[What you should do]:
Beginning at the line containing "- Verifica o", repeat each line below exactly up to and including the line containing "این ست 20 تیکه". Do not repeat the pictures.
The data below:
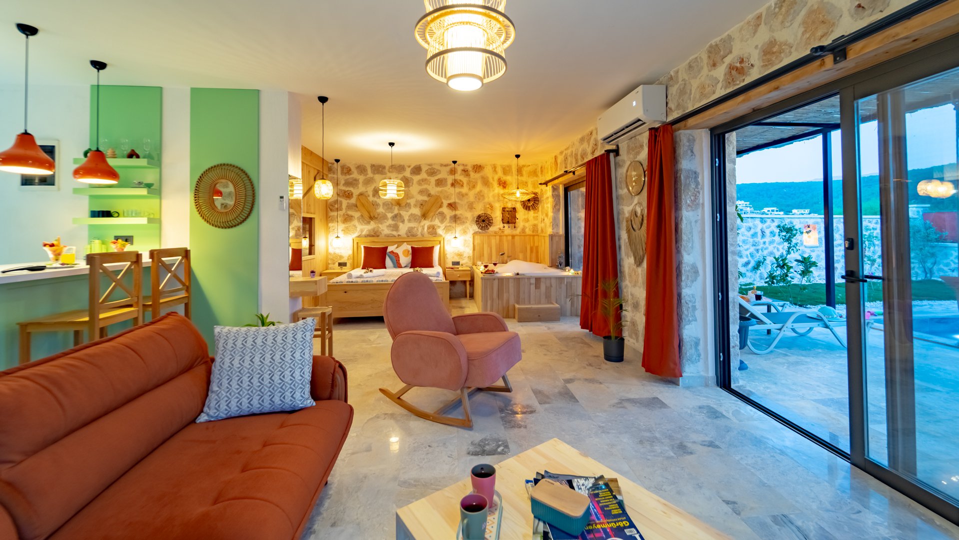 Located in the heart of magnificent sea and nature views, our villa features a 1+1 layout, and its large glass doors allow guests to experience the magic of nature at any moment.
End of The data.
The data below:
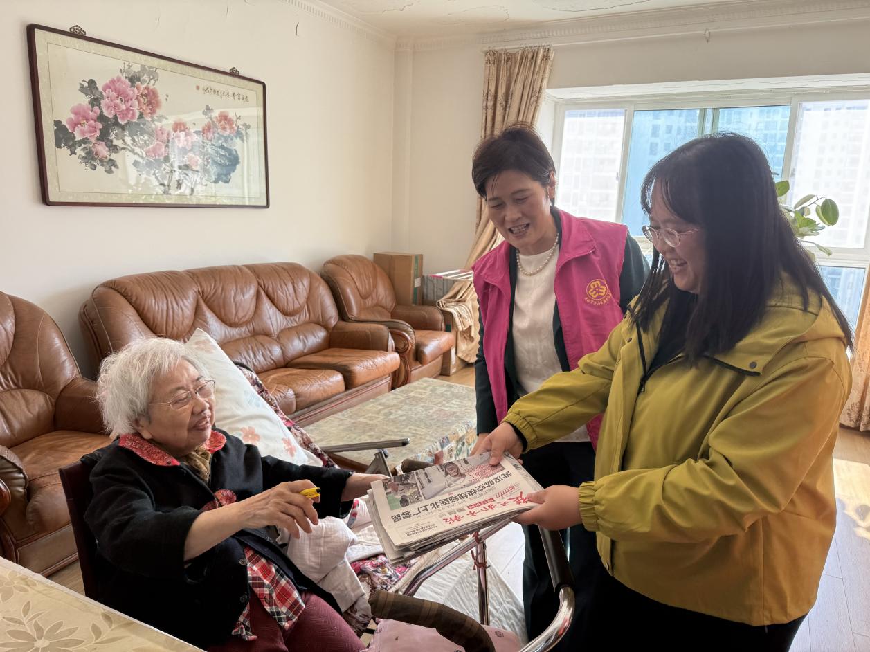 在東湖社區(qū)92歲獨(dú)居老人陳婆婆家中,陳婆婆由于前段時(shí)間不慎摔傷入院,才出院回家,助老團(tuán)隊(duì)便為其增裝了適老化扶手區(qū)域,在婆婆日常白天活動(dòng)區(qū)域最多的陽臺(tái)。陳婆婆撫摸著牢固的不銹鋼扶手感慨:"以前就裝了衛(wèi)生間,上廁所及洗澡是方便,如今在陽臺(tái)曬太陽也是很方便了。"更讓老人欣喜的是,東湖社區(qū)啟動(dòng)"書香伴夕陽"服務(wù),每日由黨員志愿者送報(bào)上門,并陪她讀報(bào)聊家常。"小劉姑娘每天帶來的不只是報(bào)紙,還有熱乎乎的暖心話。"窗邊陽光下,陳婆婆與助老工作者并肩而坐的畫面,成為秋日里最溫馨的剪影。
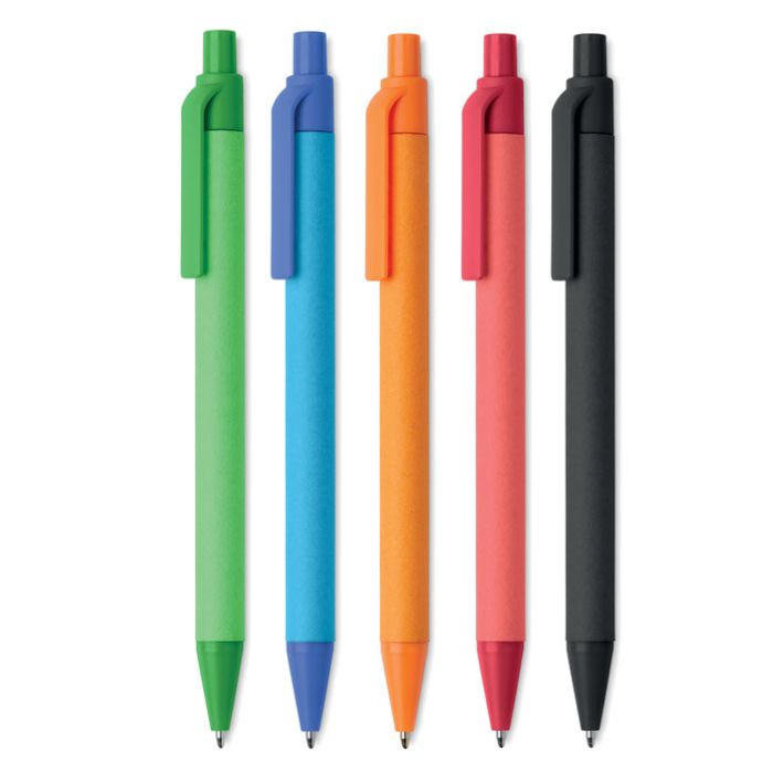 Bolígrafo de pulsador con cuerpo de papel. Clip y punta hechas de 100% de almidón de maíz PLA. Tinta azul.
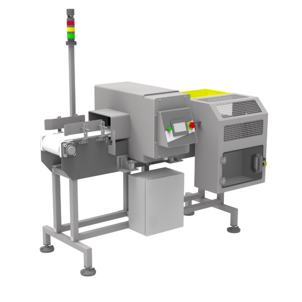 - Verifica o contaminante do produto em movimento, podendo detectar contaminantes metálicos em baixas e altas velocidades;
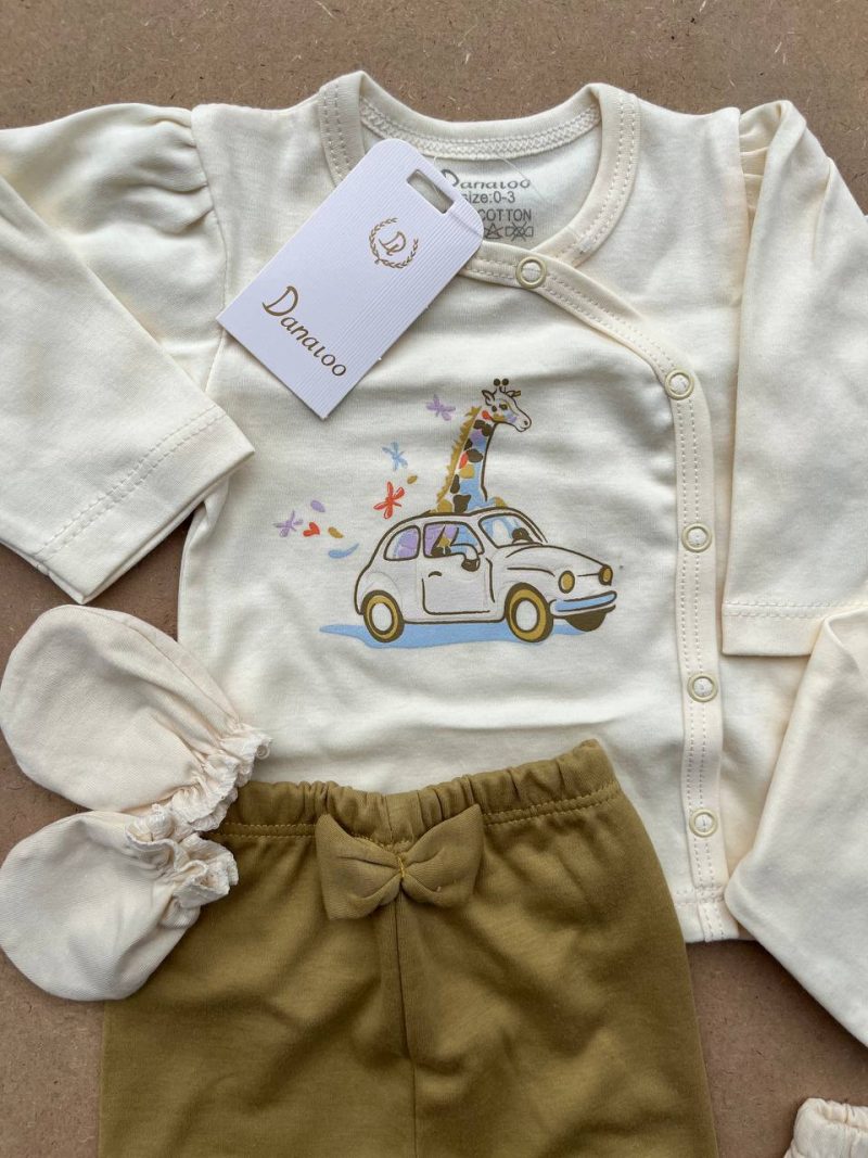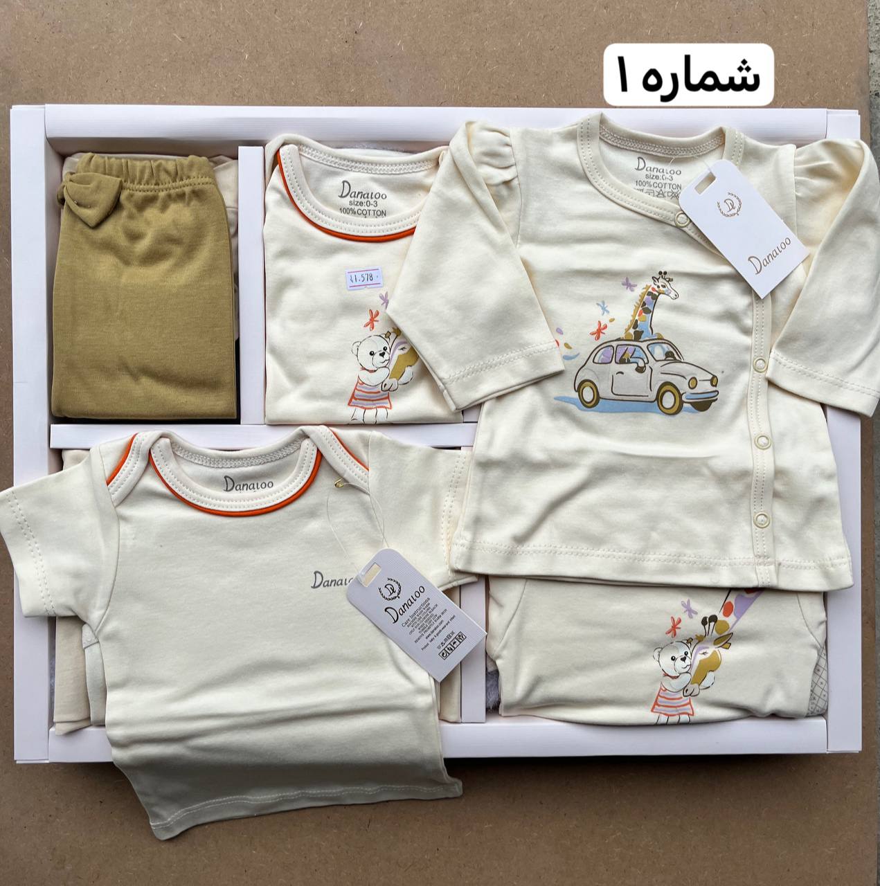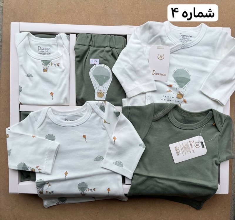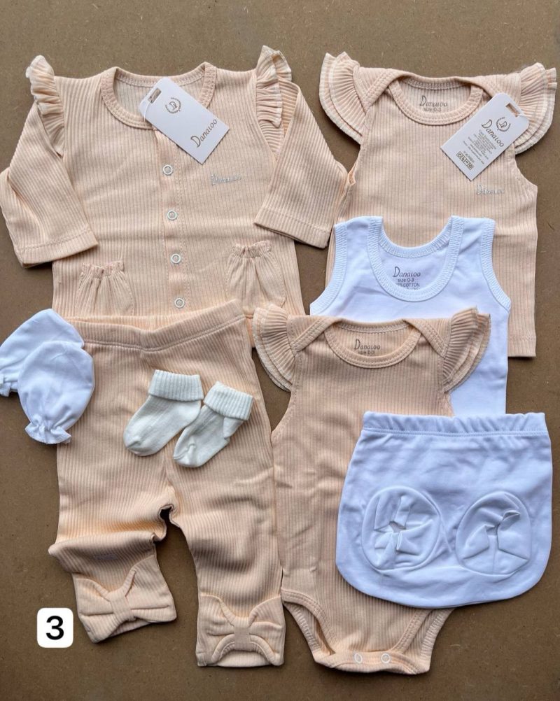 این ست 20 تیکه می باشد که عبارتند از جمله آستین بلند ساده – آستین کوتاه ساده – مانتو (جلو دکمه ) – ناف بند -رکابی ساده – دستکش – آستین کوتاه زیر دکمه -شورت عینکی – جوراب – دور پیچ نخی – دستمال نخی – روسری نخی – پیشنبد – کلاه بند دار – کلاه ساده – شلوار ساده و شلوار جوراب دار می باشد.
End of The data.
[Task result]:
 - Verifica o contaminante do produto em movimento, podendo detectar contaminantes metálicos em baixas e altas velocidades;
 این ست 20 تیکه می باشد که عبارتند از جمله آستین بلند ساده – آستین کوتاه ساده – مانتو (جلو دکمه ) – ناف بند -رکابی ساده – دستکش – آستین کوتاه زیر دکمه -شورت عینکی – جوراب – دور پیچ نخی – دستمال نخی – روسری نخی – پیشنبد – کلاه بند دار – کلاه ساده – شلوار ساده و شلوار جوراب دار می باشد.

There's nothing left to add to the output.